Kraft und Stärke sind weder auf die physische Welt begrenzt, noch entsprechen sie der körperlichen Größe. Wir können beobachten, dass immaterielle Dinge viel kräftiger sind als riesige physische Körper. Ein Beispiel: Das Gedächtnis ist viel ausgedehnter und umfassender als ein großer Raum. Mit unseren Händen können wir ein sehr nahes Objekt berühren, unsere Augen aber sind in der Lage, schon in einem einzigen Augenblick weite Distanzen zurückzulegen. Und unsere Vorstellungskraft vermag es sogar, mit einem Mal Zeit und Raum hinter sich zu lassen. Winde können Bäume entwurzeln und Wolkenkratzer zerstören; und winzige Schösslinge einer Pflanze sind dazu fähig, Felsen zu spalten und sich den Weg ins Sonnenlicht zu bahnen. Die Kraft der Energie, deren Existenz wir aus der Wirkung, die sie produziert, ableiten können, ist uns wohl bekannt.

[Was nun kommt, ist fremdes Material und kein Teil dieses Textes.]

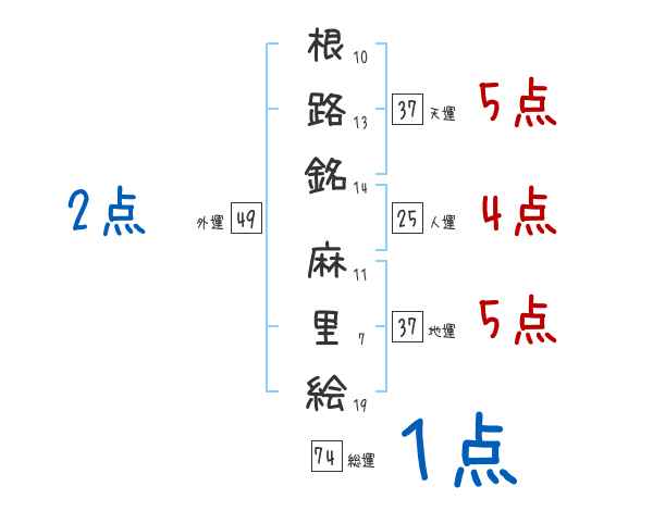 総運![]() | 根路銘麻里絵さんの総運は74画の1つ星!無気力で怠惰な生活送りがち。規則正しい生活を送るよう気をつけましょう。 あなたの人生を表す1番重要な運勢です。生涯を通じて影響する総合運となり、主に50歳以降の晩年期に影響を及ぼします。 |

All dies beweist, dass die Kraft eines bestimmten Dings nicht von seiner physischen Struktur bestimmt wird. Eher verhält es sich so, dass die immaterielle Welt die physische beherrscht und dass immaterielle Einheiten materiellen Einheiten weit überlegen sind.

Mit lieben Grüßen,

Nureddin Öztas

Nureddin Öztas hat gesagt…

Lieber Herr Runkel,
zu den angeblichen "satanischen Versen" wurde vieles gesagt und theologisch-wissenschaftlich widerlegt. Man weiss, daß die ersten die mit diesem Thema kamen die Götzenanbeter in Mekka waren und dann weiss man auch warum. Seitdem versuchen alle, die den Koran in Verruf bringen wollen mit dieser Lüge. Eine Lüge wird nicht wahrer, wenn man sie wiederholt. Es ist definitiv ein Panflet wie der "Heilige Krieg", eine faire Ablehnung des Koran wäre ehrlicher. Der renommierte Hochschullehrer und Koranwissenschaftler Prof. Suat Yildirim, schreibt darüber, welche Motivation dahintersteht. Gerne kann ich seine Analyse ind Deutsche übersetzen, wenn gewünscht. Für unsere Zeit die durch den Dialog zu einer Einigung in Grundwerten führen soll, sind solche Panflets sicher hinderlich.